Now, we’re told this key piece of information, that the sum of the roots of this equation is negative one. Adding the expressions for our two roots then, and we have the equation on the screen. Now, as both of these fractions have a common denominator of eight, we can actually combine to a single fraction. And what we notice is that there’s actually quite a lot of simplification. We have plus the square root of 𝑘 squared plus 64, and then minus the square root of 𝑘 squared plus 64. So, these two terms will cancel each other out. We’re left with the far simpler equation negative two 𝑘 over eight is equal to negative one, which we can solve by multiplying by eight and dividing by negative two to give 𝑘 equals four.

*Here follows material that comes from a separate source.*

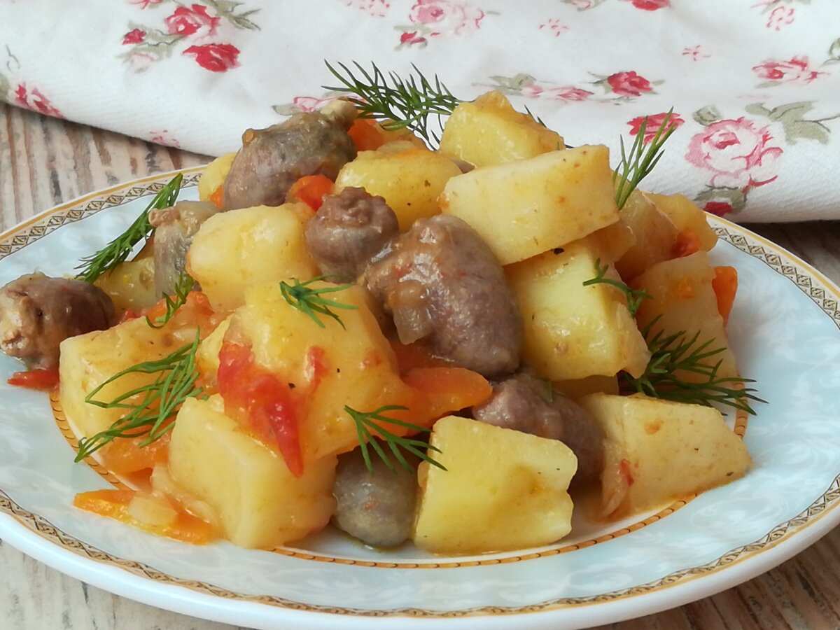 Последнее время буквально "подсела" на субпродукты... Вчера вот на ужин тушила картошку с овощами и куриными сердечками. Конечно, найдутся такие, которые субпродукты вообще не воспринимают как еду, но, тогда этот рецепт не для вас... А зря! И, это даже не про пользу субпродуктов... Во-первых, все блюда готовятся очень быстро, а во-вторых это вкусно! И, в этот раз я приготовила ужин за 30 минут... Где уж будете приобретать куриные сердечки, это ваше сугубо личное дело... Я, например, покупаю !!!только Не сочтите это за рекламу!!! В Пятёрочке! Вот сколько бы раз не покупала в этом магазине и куриные сердечки, и печёнку, и разделанную курицу, всегда всё чистенькое, вымытое... Но, продолжу... Я для приготовления взяла полкило куриных сердечек, вы можете взять и больше, здесь пропорции продуктов особой роли не играют, главное, как я уже сказала, сердечки нужно хорошо помыть. Если сердечки крупные, их можно порезать пополам. Теперь берем кастрюлю или казан, подходящего размера, наливаем в н

In fact, this is illustrative of a general and really useful result. When we added our two roots together, the part under the square root canceled out due to them having different signs. So, what we were left with, the contribution from each root to the sum, was just negative 𝑏 over two 𝑎. We therefore summed two lots of this, giving negative two 𝑏 over two 𝑎, which simplified to negative 𝑏 over 𝑎. In our case, we found that 𝑘 equals four. So, the value of 𝑏 in our quadratic equation is four. And so, negative 𝑏 over 𝑎 gives negative four over four, which is negative one, the correct sum for the roots. What this has shown though is that, in general, the sum of the roots of a quadratic equation is equal to negative 𝑏 over 𝑎. And we can quote this as a general result.

Now that we know the value of 𝑘, we need to determine the values of 𝑥. We have negative four plus or minus the square root of four squared plus 64 over eight. We can simplify the surd here. The square root of 80 is equal to four root five. And then dividing through by a common factor of four gives our simplified solutions as negative one plus or minus the square root of five over two. So, we’ve completed the problem. The value of 𝑘 is four, and the solution set of the equation in surd form is negative one minus root five over two, negative one plus root five over two.

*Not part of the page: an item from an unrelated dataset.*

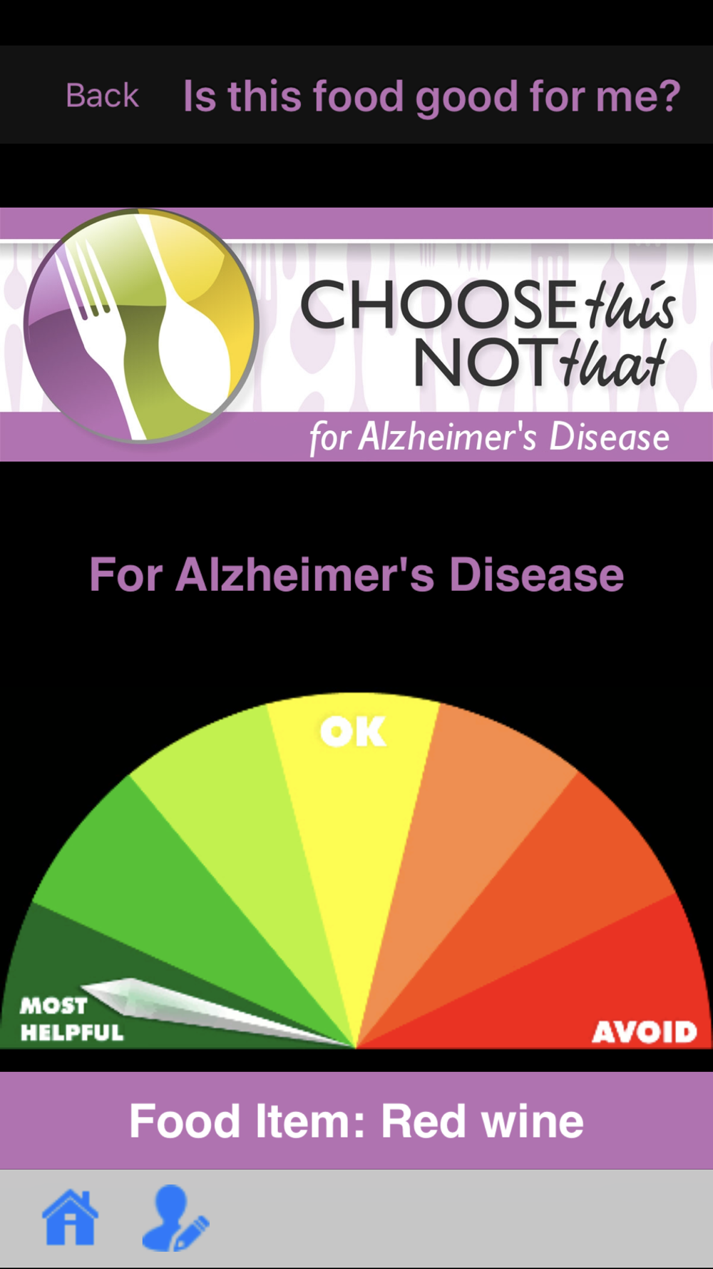 • Is this food good for me? Answers the common question about suitability of various food items for your personal situation. And it does so in an easy to understand and colorful graphic form.

Let’s summarize then what we’ve seen in this video. The quadratic formula can be used to solve quadratic equations of the form 𝑎𝑥 squared plus 𝑏𝑥 plus 𝑐 is equal to zero. The solution set or roots of this equation, if they exist, are given by 𝑥 equals negative 𝑏 plus or minus the square root of 𝑏 squared minus four 𝑎𝑐 all over two 𝑎. In our final example, we also saw that the sum of the roots of the quadratic equation 𝑎𝑥 squared plus 𝑏𝑥 plus 𝑐 equals zero is negative 𝑏 over 𝑎, which we can use as a general result.